WHAT TO WORK ON
Copy each of the entries below faithfully, setting aside any pictures.

Saved data entries
* * * * *

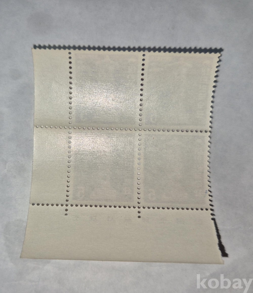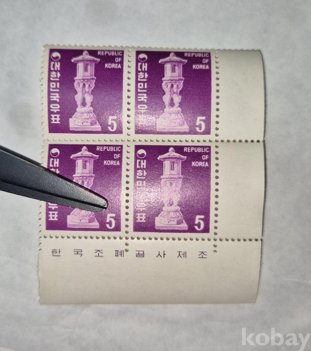 1969년에 발행한 제1차 그라비아 '쌍사자 석등' 보통우표 5원 4매 명판부 블록입니다.
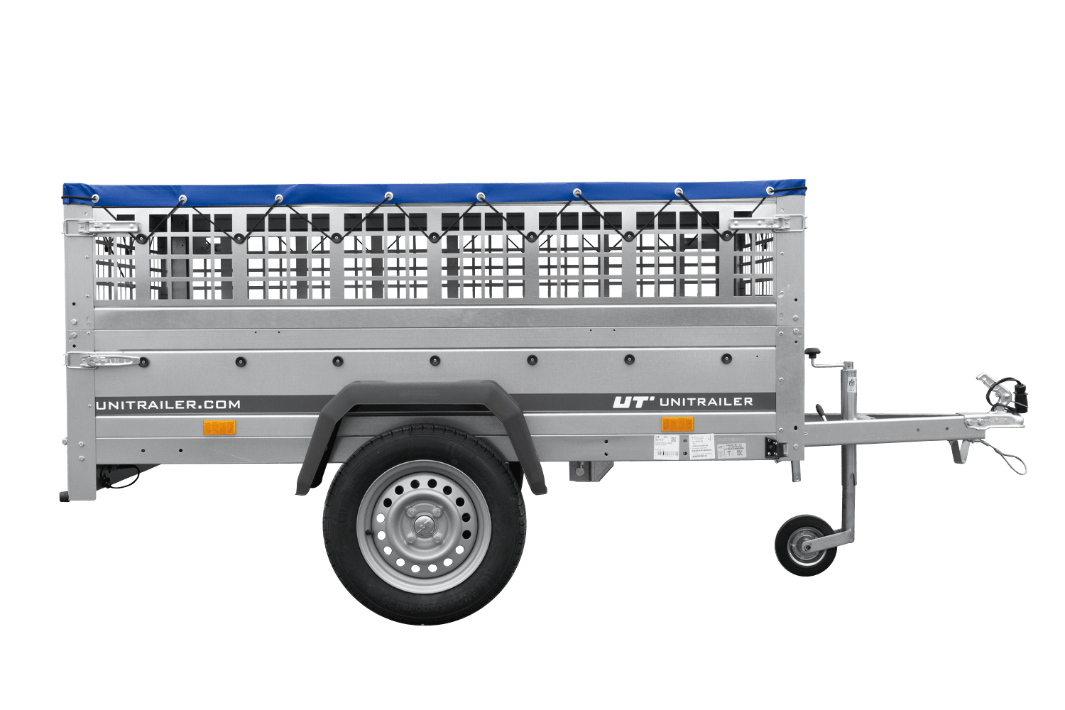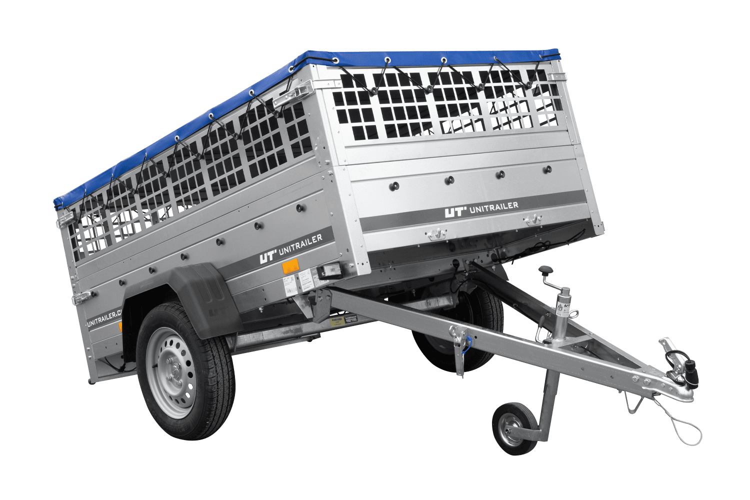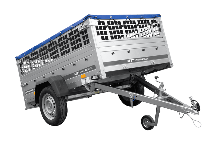 Einachsanhänger 200x125 UNITRAILER GARDEN 201 KIPP mit Gitterseitenwänden, H-0-Rahmen und blauer Plane
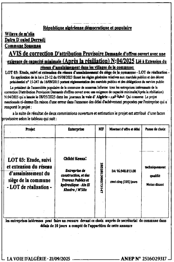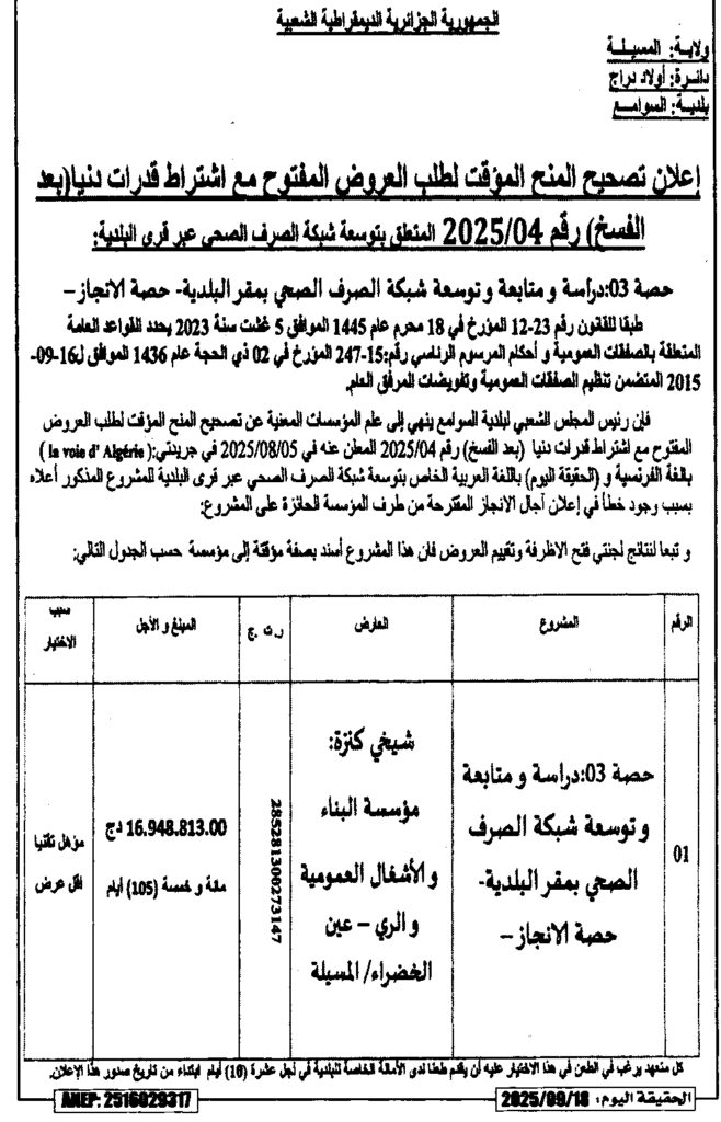 إعلان عن تصحيح المنح المؤقت لطلب العروض المفتوح (بعد الفسخ) 2025/04 المتعلق بتوسعة شبكة الصرف الصحي عبر قرى البلدية/ بلدية السوامع
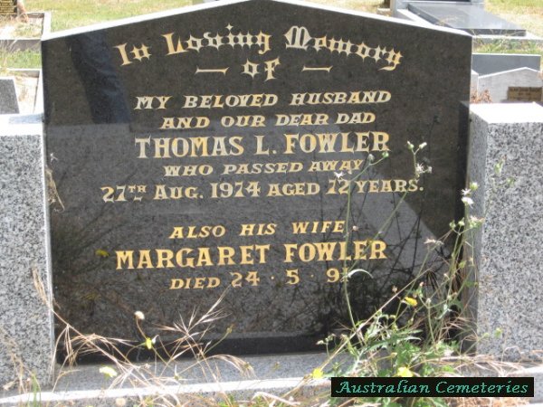 | FOWLER | Thomas L.(Lambert) | photo | 27/8/1974 | 72 | Margaret | par George & Elizabeth Fowler | |
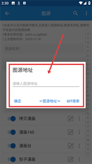 4、在图源地址窗口中,输入对应的图源地址后点击【确定】,就能完成新图源的网络导入操作哦。
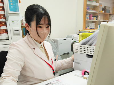 - 調剤事務と聞いて皆様が想像される、処方箋を確認しながら入力、ピッキング等を行う事務業務をメインに、また、請求業務を任されております。
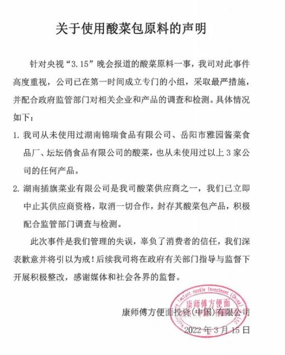 16日凌晨,康师傅方便面投资(中国)有限公司发布声明称:湖南插旗菜业有限公司是我司酸菜供应商之一,已立即中止其供应商资格,取消一切合作,封存其酸菜包产品,积极配合监管部门调查与检测。
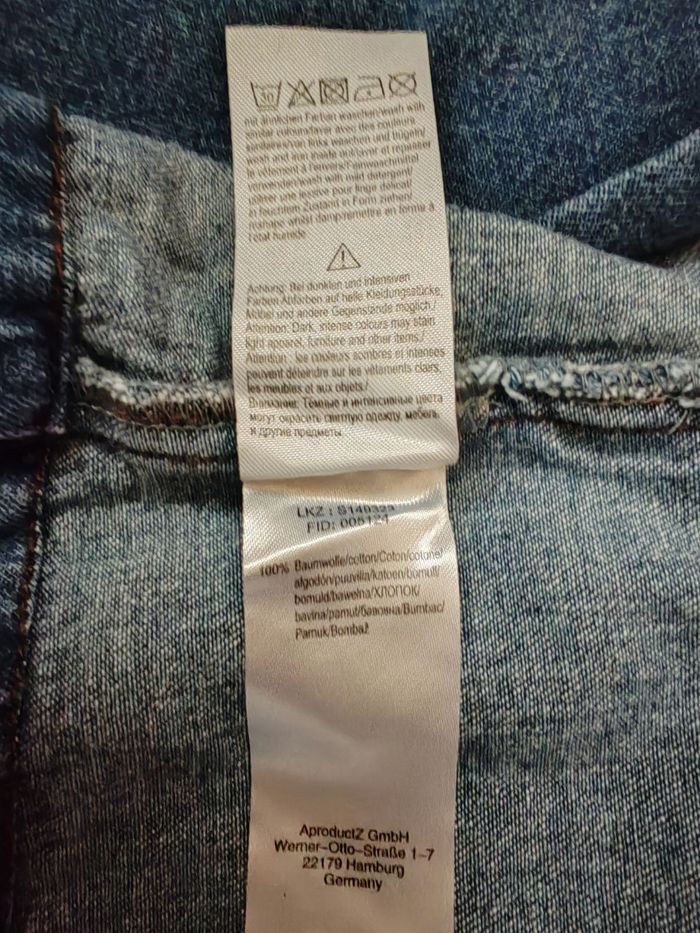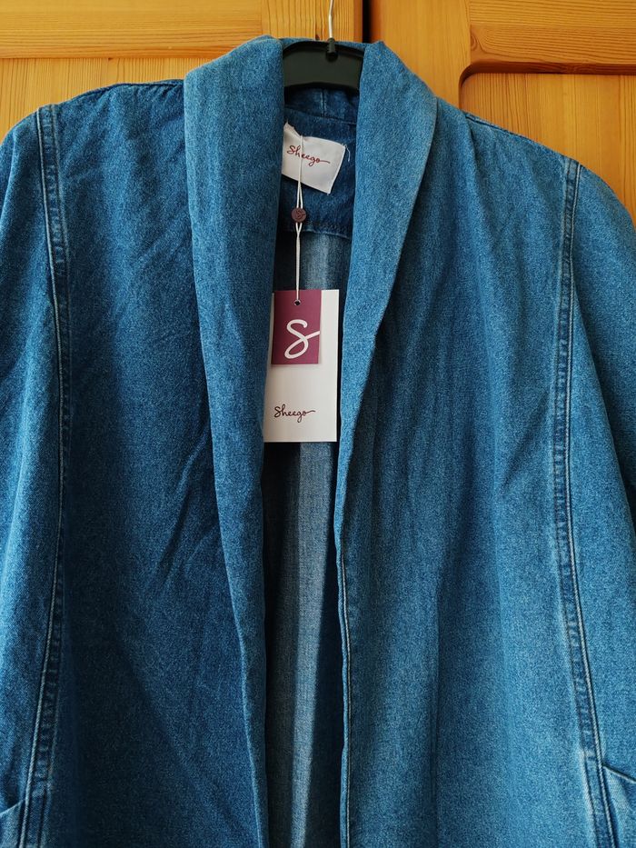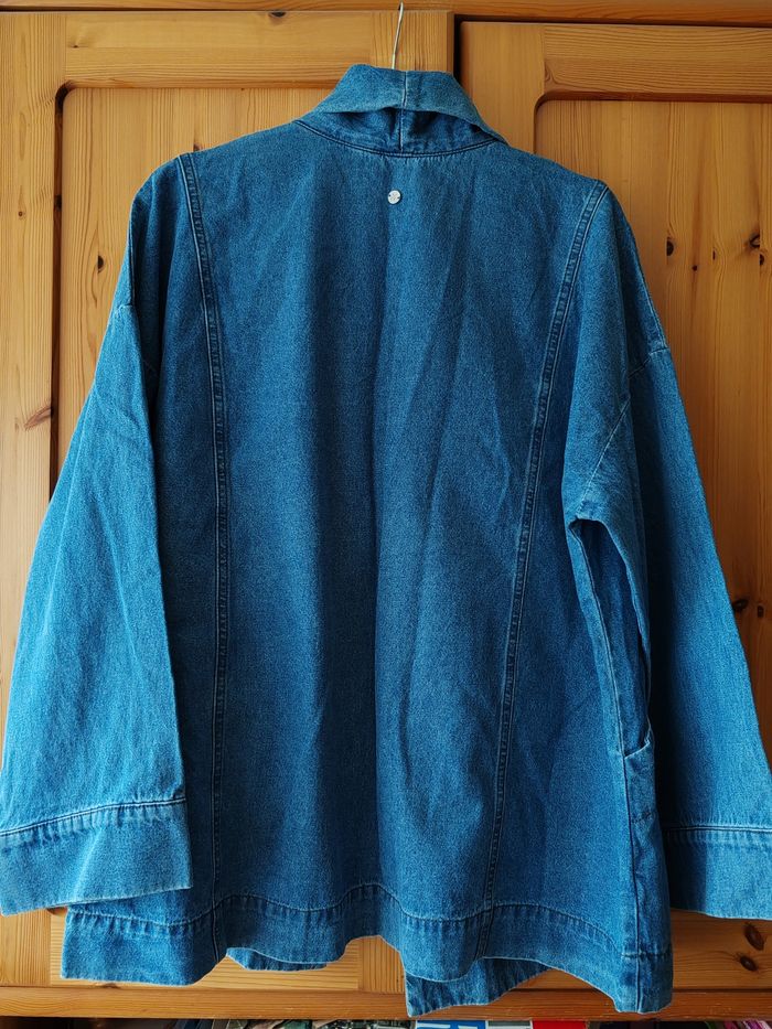 Veste longue en jean bord à bord. Manches larges. 2 grandes poches. Taille grand peut convenir jusqu au 46 48.

* * * * *

ANSWER SECTION
 1969년에 발행한 제1차 그라비아 '쌍사자 석등' 보통우표 5원 4매 명판부 블록입니다.
 Einachsanhänger 200x125 UNITRAILER GARDEN 201 KIPP mit Gitterseitenwänden, H-0-Rahmen und blauer Plane
 إعلان عن تصحيح المنح المؤقت لطلب العروض المفتوح (بعد الفسخ) 2025/04 المتعلق بتوسعة شبكة الصرف الصحي عبر قرى البلدية/ بلدية السوامع
 | FOWLER | Thomas L.(Lambert) | photo | 27/8/1974 | 72 | Margaret | par George & Elizabeth Fowler | |
 4、在图源地址窗口中,输入对应的图源地址后点击【确定】,就能完成新图源的网络导入操作哦。
 - 調剤事務と聞いて皆様が想像される、処方箋を確認しながら入力、ピッキング等を行う事務業務をメインに、また、請求業務を任されております。
 16日凌晨,康师傅方便面投资(中国)有限公司发布声明称:湖南插旗菜业有限公司是我司酸菜供应商之一,已立即中止其供应商资格,取消一切合作,封存其酸菜包产品,积极配合监管部门调查与检测。
 Veste longue en jean bord à bord. Manches larges. 2 grandes poches. Taille grand peut convenir jusqu au 46 48.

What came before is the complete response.